On Wed, 2 Nov 2011, Riccardo (Jack) Lucchetti wrote:
On Tue, 1 Nov 2011, Allin Cottrell wrote:
> (b) Row and/or column names are attached to the gretl_matrix struct
> itself, rather than the wrapper. That is more plausible, but I still
> don't like it much. The extra memory required for an empty
> gretl_matrix would only be two pointers (8 bytes on a 32-bit system)
> but it represents additional complexity that I'd prefer to keep out
> of what is in concept a mathematical type.
I agree: matrices should stay as lean-and-mean as possible.
Besides, there is the possibility of achieving Artur's
original aim in Hansl, albeit in a way that most people will
find a bit convoluted: here's two ways to do it [...]
Thanks, Jack. These functions nicely illustrate what you can
do with bundles.
But after some more thinking I think I may have come up with a
solution to the matrix column/row names issue which satisfies
the "lean and mean" criterion as well as allowing a simple way
to return decorated matrices from functions.

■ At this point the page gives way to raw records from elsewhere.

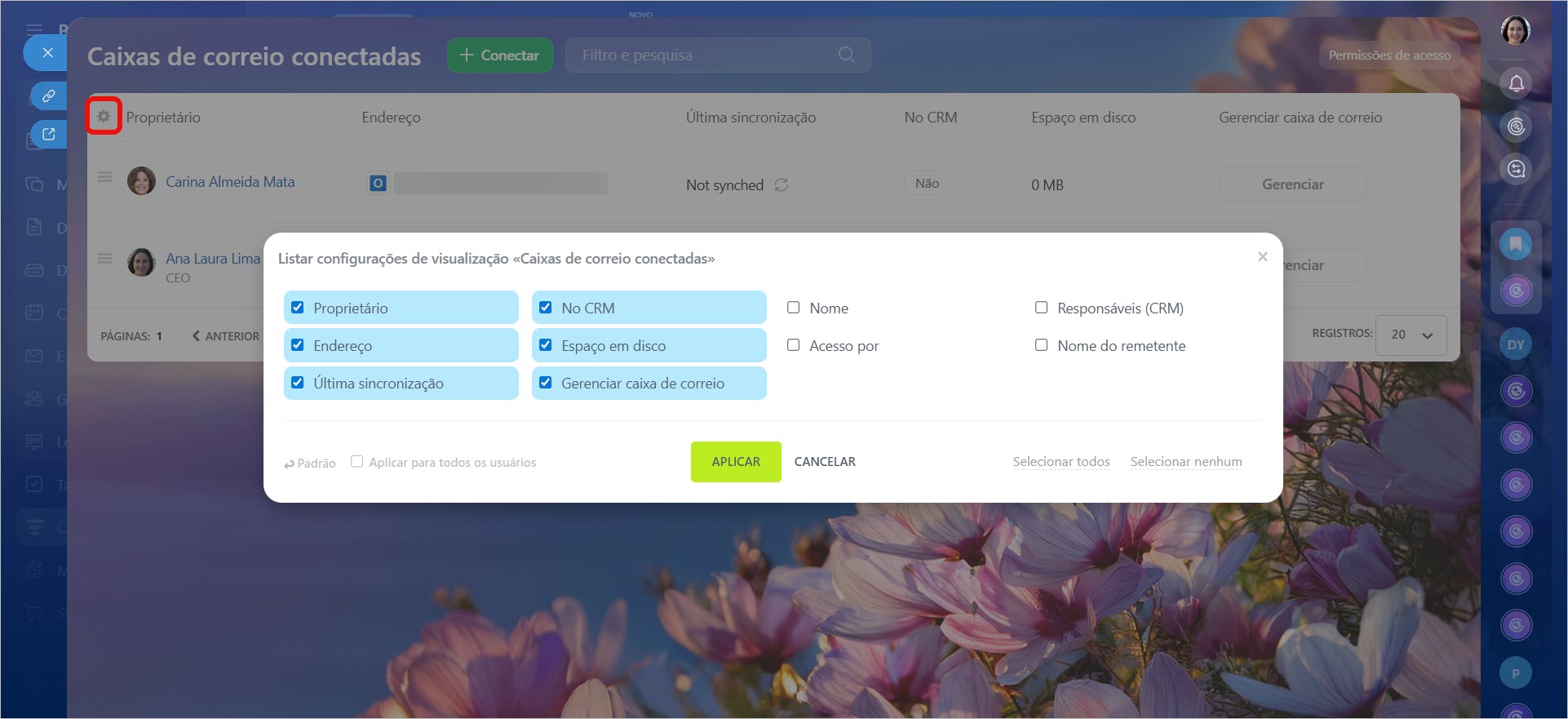 Na seção Gestão de caixas de e-mail dos colaboradores, é exibida a lista completa de caixas conectadas. Você pode personalizar as colunas da tabela para mostrar apenas os dados necessários, como o nome do usuário, endereço da caixa de e-mail e data da última sincronização.
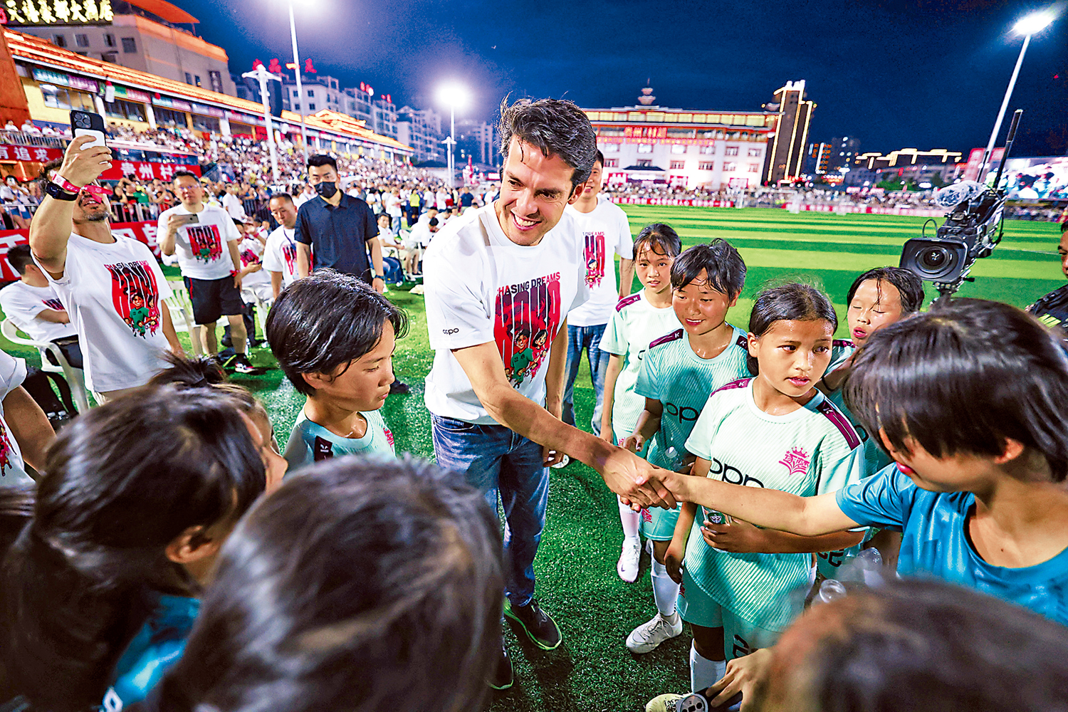 卡卡當晚還觀看了由榕江縣24名小學學生組隊打響的「逐夢」青少年女足公益賽。「我看到了她們在場上追逐足球、為了比賽不斷拚搏的勁頭。」卡卡說。
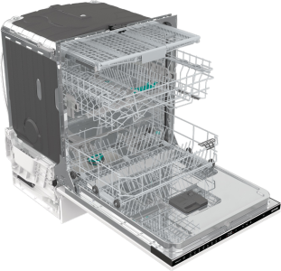 System 3 koszy daje niesamowite możliwości dostosowania do wszystkich potrzeb. Środkowy kosz wyposażony jest w łożyska kulkowe dla zapewnienia cichego i płynnego ruchu. Regulowana wysokość środkowego kosza na 4 cm z regulowanym miejscem na sztućce umożliwia wkładanie i zmywanie naczyń o różnej kondycji i wielkości. System 3 koszy umożliwia jednoczesne zmywanie do 16 sztuk naczyń.
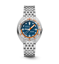O SUB 250T GMT marca o retorno da DOXA à função GMT, combinando a durabilidade do relógio de mergulho com a funcionalidade mundial. A sua caixa de aço inoxidável de 40 mm garante um equilíbrio perfeito entre presença e conforto no pulso, enquanto a coroa aparafusada e a moldura unidirecional com escalas de mergulho proporcionam desempenho de nível profissional. Com uma resistência à água de 250 metros (820 pés), é construído tanto para exploração subaquática quanto para viagens globais.
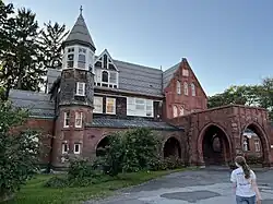 When the Brothers of the Christian Schools' property in Amawalk was condemned to make way for the New Croton Reservoir, they relocated their novitiate to Pocantico. Around 1929, the Rockefeller family purchased the property. With the proceeds from the sale, the brothers of the New York District purchased the Massena estate at the northern section of the hamlet. They moved the novitiate there[3] and established St. Joseph's Normal Institute as a teacher training facility. The Institute closed in 1969. In 1975 the property was bought by the Unification Church, where its Unification Theological Seminary was located.[4] The property was again listed for sale in 2018.[5] It was bought by Bard College in 2023 for $14 million, originally to serve as classroom, dorm, and office space.[6] However, in November 2024, Bard College at Simon's Rock announced that it would be moving to Massena starting in fall 2025.[7] - In 1824, John R. Livingston gave the 250-acre "Edgewater" property to his daughter Margaretta and her husband, Rawlins Lowndes Brown. Brown died in 1852 and the following year, his widow sold the estate to New York financier Robert Donaldson Jr., who commissioned architect Alexander Jackson Davis to add an octagonal library wing. It is now owned by a preservation trust.[8]
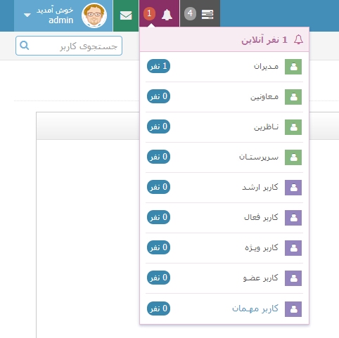 پنل ناظران و معاونان دارای ۱۲ عدد امکانات شده است.
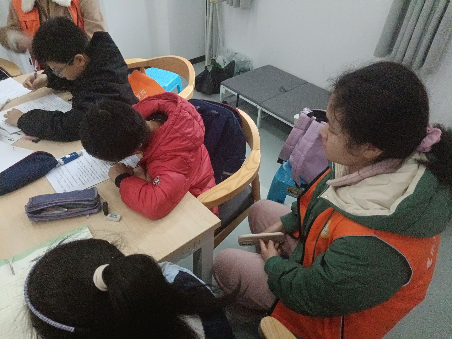 活动现场,身着橙色社服的志愿者们成为了冬日里一抹温暖的亮色。他们围坐在长桌旁,耐心地解答孩子们提出的每一个疑问。从照片中可以看到,志愿者们时而俯身仔细查看孩子们的解题步骤,时而轻声细语地点拨思路上的误区,力争让每一个孩子都能把难题“听得懂、吃得透”。
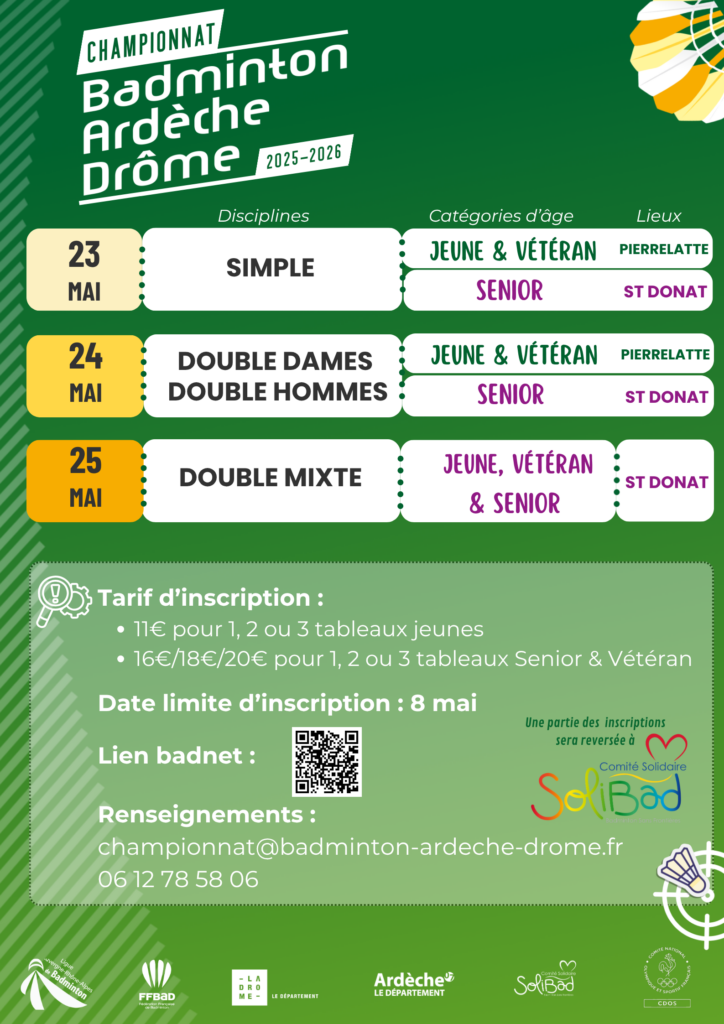 Comme chaque année le Comité Drôme Ardèche de Badminton organise un Championnat, cette année il a lieu lors du week-end de Pentecôte (du samedi 23 au lundi 25 mai).
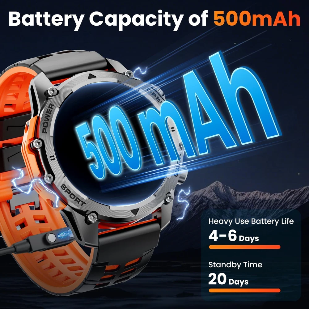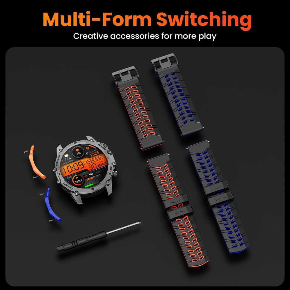 Engineered for men who demand resilience, this military smart watch combines tactical durability with cutting-edge tech. The smart watches for men feature a 500mAh ultra-long battery and a forged titanium case—ideal for outdoor missions or urban challenges. Switch styles effortlessly with dual quick-swap strap kits (Black/Orange for high-visibility trails; Black/Navy for stealthy professionalism). As a smart watch compatible with iPhone and Android smart watch, it tracks heart rate, blood oxygen, and sleep, or stay connected with call/text alerts. Built for versatility, this smart watch for Android phones and iOS users adapts to gym sessions, boardrooms, or mountain summits. For tech-driven adventurer, it’s the hybrid of military smart watches for men and modern wearables. 🏆【3-Proof Military Smart Watch,Tough Guy Style Built to the Wild】This rugged military smart watch is designed with a rugged titanium bezel and stainless steel back, the smart watches for men case is meticulously polished and stitched with fine metal craftsmanship,showed the sense of power. The military outdoor smart watch passes strict military-grade tests ,that is wear-resistant, shock-resistant, water-resistant and sand-resistant and builts to withstand the wild. 🏆【Two-Color Impact: Two sets of Accessories and Straps for One Smart Watch】The mens smart watch's quick-release side decorative clasp and strap are available in bright orange/black and navy blue/black - both of which are highly impactful colors. The combination of bright orange/black, inspired by the tactical gear alert color scheme, conveys energy and adventure from the strap and decorative buckle. Perfect for urban business or the gym, the navy blue/black combination is understated and professional. 🏆【Sports and Fitness Tracker Watch】This military smart watches for men has 100+ indoor and outdoor sports modes, customized for people who love sports. When connected to the APP, the fitness tracker can track steps, distance, calories and more. You can also view the exercise track, set exercise goals and view exercise records through APP to help you achieve your fitness goals. 🏆【Advanced Health Monitoring】 The watches for men monitors heart rate, blood oxygen and sleep in real time with high-precision sensors. You can turn on all-day heart rate monitoring in the APP, and monitor your sleep patterns, such as deep sleep, light sleep and REM, and provides sleep trends for the last seven days. Stay informed about your health and make better decisions for your well-being. 🏆【500mAh Large Capacity Battery and Other Multifunctions】The smart watches for men has a built-in 500mAh high-capacity battery, which can be charged for 2 hours and supports 5-10 days of daily use and 45 days of standby. It is a multifunctional smart watch compatible with iphone and android phones, with many functions such as weather forecast, music playback and control, camera control, find cell phone, calculator, alarm clock, sedentary reminder, drinking water reminder, stopwatch, timer and so on, it is an assistant in your daily life. 🏆【Wrist Communication & Smart Voice AI】Stay connected to the phone to make/answer calls on smart watch and receive SMS and APP messages (Facebook, WhatsApp, Twitter, etc.)This smart watch for android phones is a life voice assistant, controlling yourmens smart watch is as simple as a command. Set reminders, control smart devices and much more, all with your fitness tracker. 🏆【Responsible Attitude】If there is any problem with the product, please feel free to contact the seller's customer service. Even for products that have been ordered for more than 30 days, you can contact the seller's customer service in case of problems.

The thing is, we already have some "metadata" in the
gretl_matrix struct, namely the two integer members "t1" and
"t2". These are bloat from the point of view of pure matrix
arithmetic, but gretl needs them in many contexts for keeping
track of the alignment between matrices and series. My new
idea is this:
Remove t1 and t2 as members of gretl_matrix and replace them
with a single pointer member (so gretl_matrix becomes leaner
by 4 bytes). This pointer member is just NULL by default, but
one it's allocated it has space to record t1 and t2, as well
as column and/or row names if wanted.
The metadata struct that can be allocated on a gretl_matrix is
a private thing that lives in gretl_matrix.c. Anything you
want to do with it (get/set t1, t2 or names) you do via
accessor functions -- and the "set" accessors take care of
allocating the storage as needed.
I'm not committing this change just yet since it needs more
testing, but I'm hopeful it'll do the job.